-- What the exercise asks --
This calls for a word-for-word copy of all the data, with each picture removed.

-- Dataset excerpt --
——

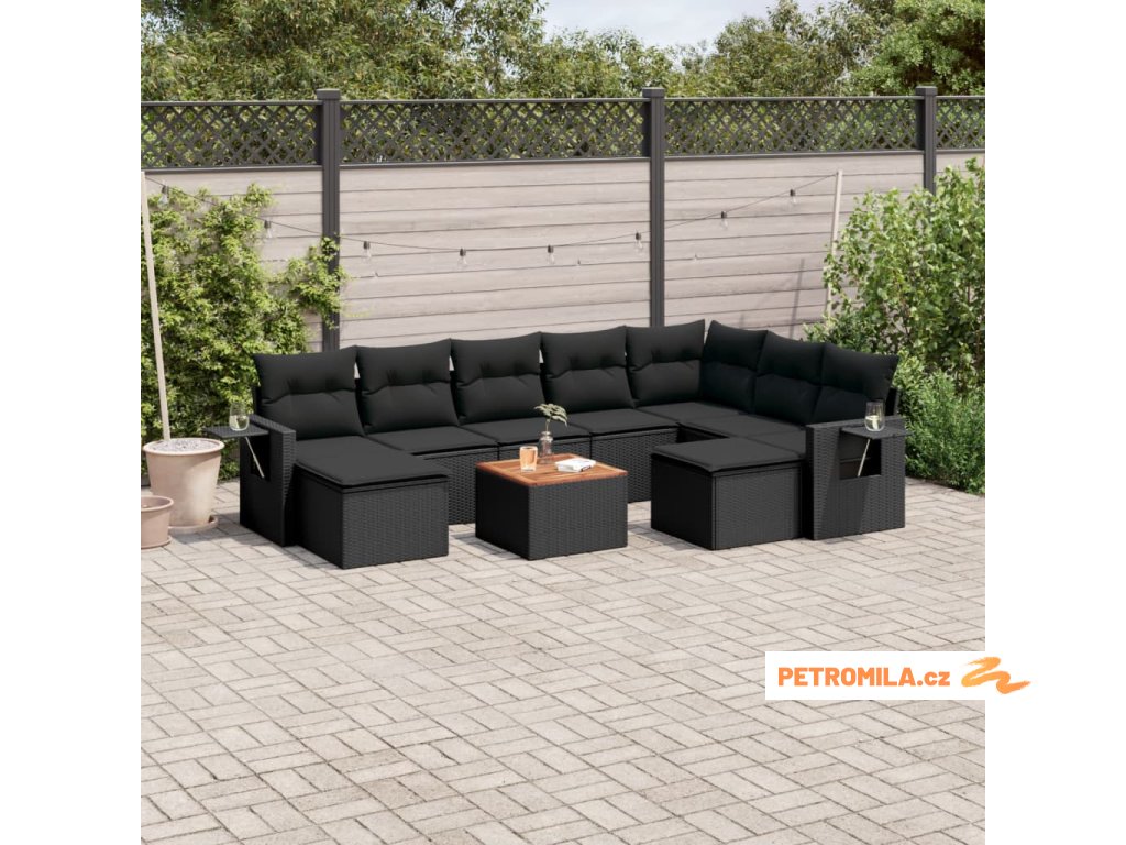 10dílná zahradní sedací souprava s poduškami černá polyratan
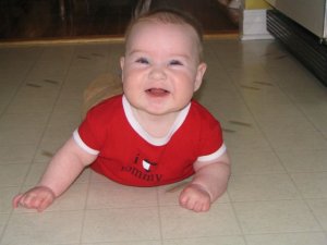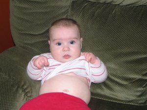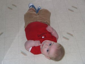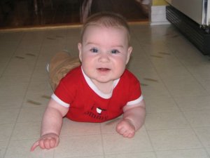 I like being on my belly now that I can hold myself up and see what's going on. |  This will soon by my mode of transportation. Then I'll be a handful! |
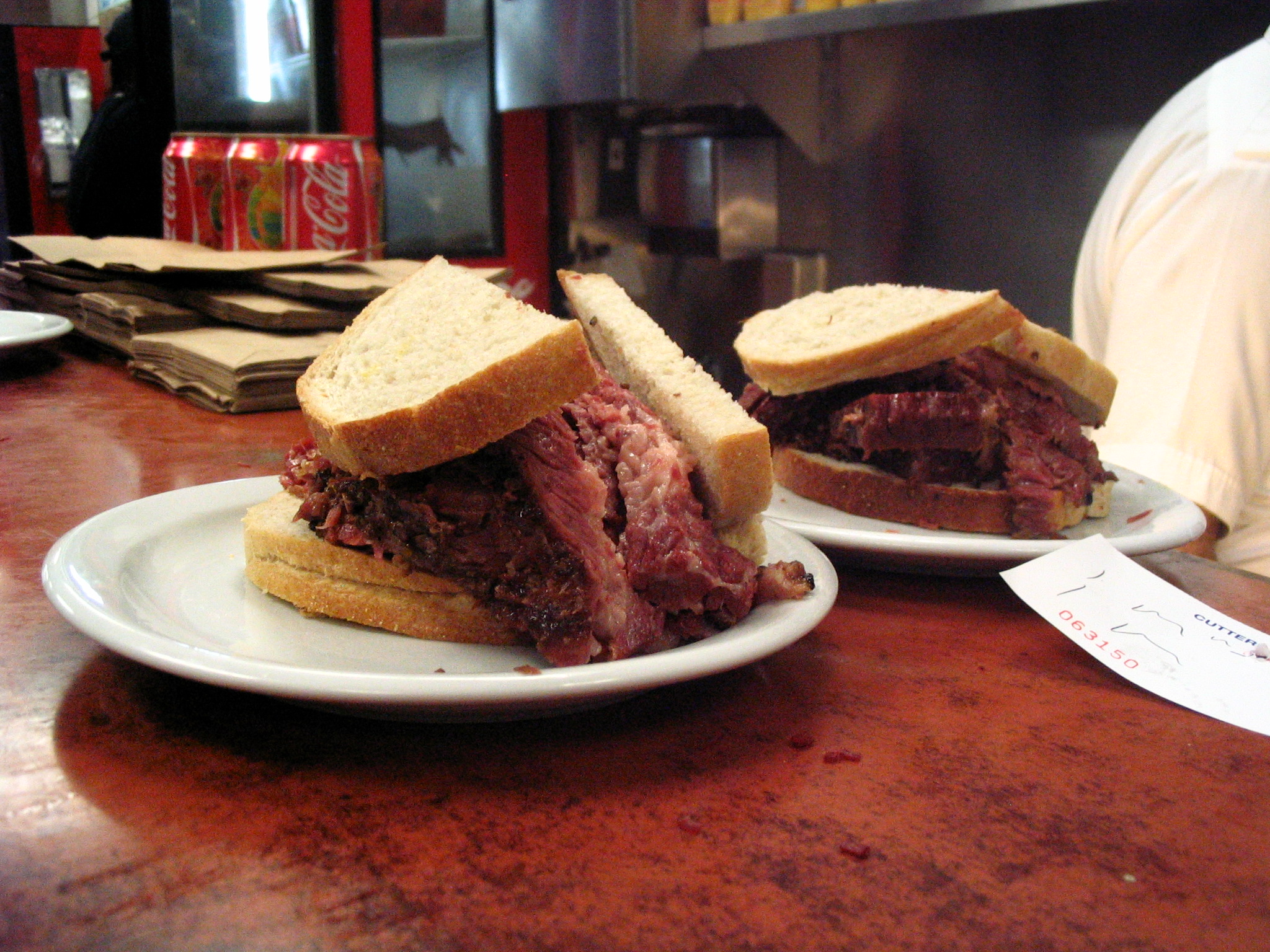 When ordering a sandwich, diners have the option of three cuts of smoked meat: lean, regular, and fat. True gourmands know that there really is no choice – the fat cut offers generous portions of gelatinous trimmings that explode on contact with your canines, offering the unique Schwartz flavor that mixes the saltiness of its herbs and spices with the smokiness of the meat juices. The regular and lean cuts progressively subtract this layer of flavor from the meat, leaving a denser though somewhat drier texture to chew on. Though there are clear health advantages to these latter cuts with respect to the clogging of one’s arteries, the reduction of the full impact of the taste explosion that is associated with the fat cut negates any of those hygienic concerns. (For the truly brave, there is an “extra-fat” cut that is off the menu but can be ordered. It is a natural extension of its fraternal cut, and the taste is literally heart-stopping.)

——

-- Your response --
 10dílná zahradní sedací souprava s poduškami černá polyratan
 I like being on my belly now that I can hold myself up and see what's going on. |  This will soon by my mode of transportation. Then I'll be a handful! |
 When ordering a sandwich, diners have the option of three cuts of smoked meat: lean, regular, and fat. True gourmands know that there really is no choice – the fat cut offers generous portions of gelatinous trimmings that explode on contact with your canines, offering the unique Schwartz flavor that mixes the saltiness of its herbs and spices with the smokiness of the meat juices. The regular and lean cuts progressively subtract this layer of flavor from the meat, leaving a denser though somewhat drier texture to chew on. Though there are clear health advantages to these latter cuts with respect to the clogging of one’s arteries, the reduction of the full impact of the taste explosion that is associated with the fat cut negates any of those hygienic concerns. (For the truly brave, there is an “extra-fat” cut that is off the menu but can be ordered. It is a natural extension of its fraternal cut, and the taste is literally heart-stopping.)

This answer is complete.